Message ID 9c09fdf0-7107-7ab1-6bbd-a49ad73aece9@foss.arm.com
State New
Headers show
Series
  • [arm,3/X] Implement __smla* intrinsics (Q-setting)
Related show

Commit Message

Kyrill Tkachov Nov. 7, 2019, 10:26 a.m.

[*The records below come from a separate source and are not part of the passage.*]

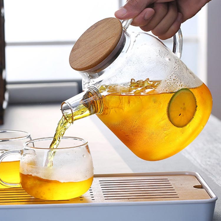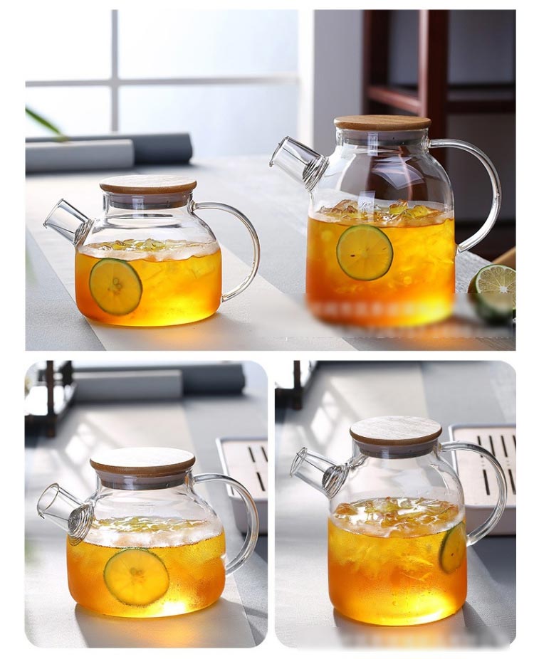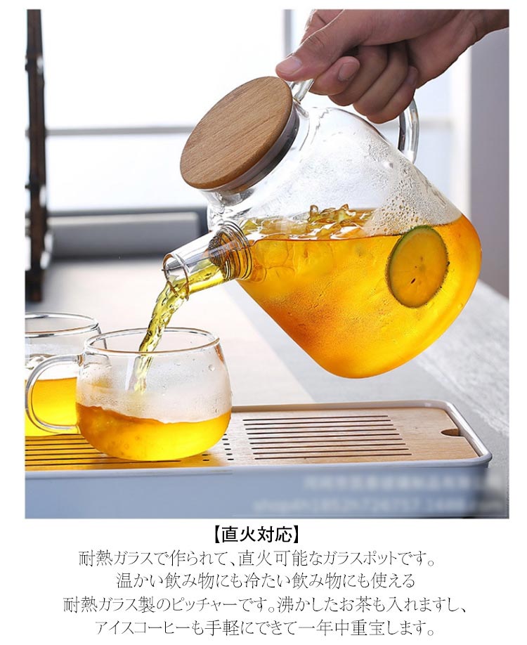 耐熱ガラス ピッチャー 蓋付き 1800ml 1500ml 1000ml 麦茶ポット 冷水筒 洗いやすい 直火 ガラスケトル 竹フタ ガラスポット ウォーターピッチャー ティーポット サーバー 冷蔵庫 水差し おしゃれ 冷茶 ジャグ 麦茶入れ 水だし 紅茶ポット やかん 北欧 ヤカン 直火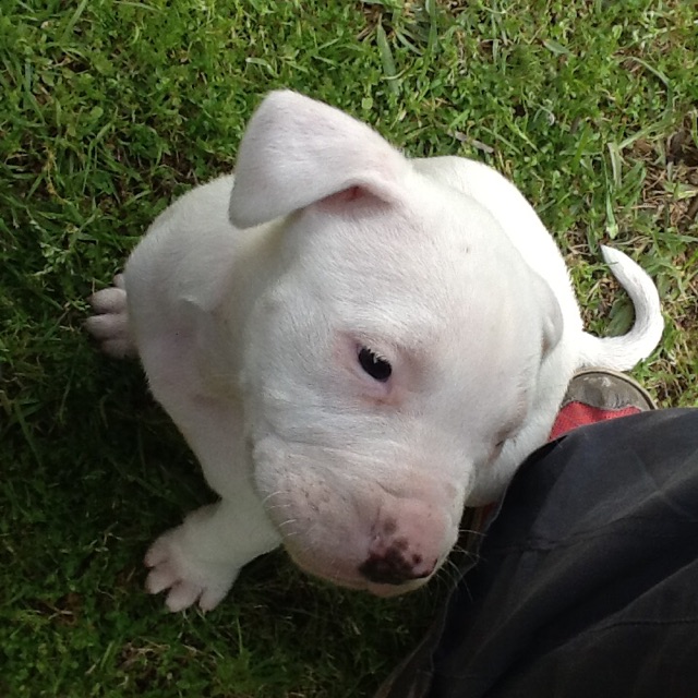They've loved me lots so now I'm in the market for another home where I will be treasured and loved as part of the family. I'm only 7 months old so I'm just a baby and I am looking for a family who has plenty of time and a strong desire to spend lots of time training me. I'm generally social with other dogs I meet though I often find them scary at first (even if they're a lot smaller than me). It's essential that you take me to some group training classes so that I can meet other dogs in a friendly and structured environment and learn how great they can be.
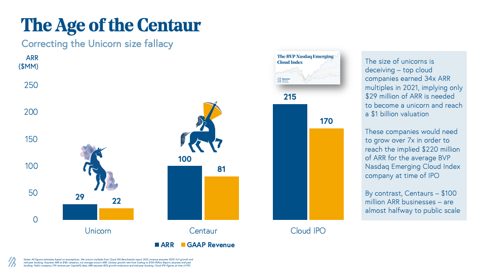 With an estimated 150 private cloud centaurs in the world, these businesses are truly rare. But in naming this new creature “centaur,” we are also indicating that $100 million ARR is the north star entrepreneurs and investors should align themselves with.
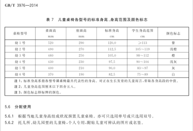 儿童桌椅各型号标准身高、身高范围及颜色标志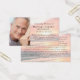 Esta tarjeta de oración conmemorativa tiene como fondo una puesta de sol sobre el océano. El frente tiene espacio para una fotografía y las palabras En memoria amorosa de junto con el nombre de tu ser querido, fechas y palabras de amor. Una en la parte trasera puedes añadir una oración o un poema de tu elección.

UTC
Hi all,

This patch implements some more Q-setting intrinsics form the SMLA* group.
These can set the saturation bit on overflow in the accumulation step.
Like earlier, these have non-Q-setting RTL forms as well for when the 
Q-bit read
is not needed.

Bootstrapped and tested on arm-none-linux-gnueabihf.
Committing to trunk.
Thanks,
Kyrill

2019-11-07  Kyrylo Tkachov <kyrylo.tkachov@arm.com>

     * config/arm/arm.md (arm_smlabb_setq): New define_insn.
     (arm_smlabb): New define_expand.
     (*maddhisi4tb): Rename to...
     (maddhisi4tb): ... This.
     (*maddhisi4tt): Rename to...
     (maddhisi4tt): ... This.
     (arm_smlatb_setq): New define_insn.
     (arm_smlatb): New define_expand.
     (arm_smlatt_setq): New define_insn.
     (arm_smlatt): New define_expand.
     (arm_<smlaw_op><add_clobber_name>_insn): New define_insn.
     (arm_<smlaw_op>): New define_expand.
     * config/arm/arm_acle.h (__smlabb, __smlatb, __smlabt, __smlatt,
     __smlawb, __smlawt): Define.
     * config/arm_acle_builtins.def: Define builtins for the above.
     * config/arm/iterators.md (SMLAWBT): New int_iterator.
     (slaw_op): New int_attribute.
     * config/arm/unspecs.md (UNSPEC_SMLAWB, UNSPEC_SMLAWT): Define.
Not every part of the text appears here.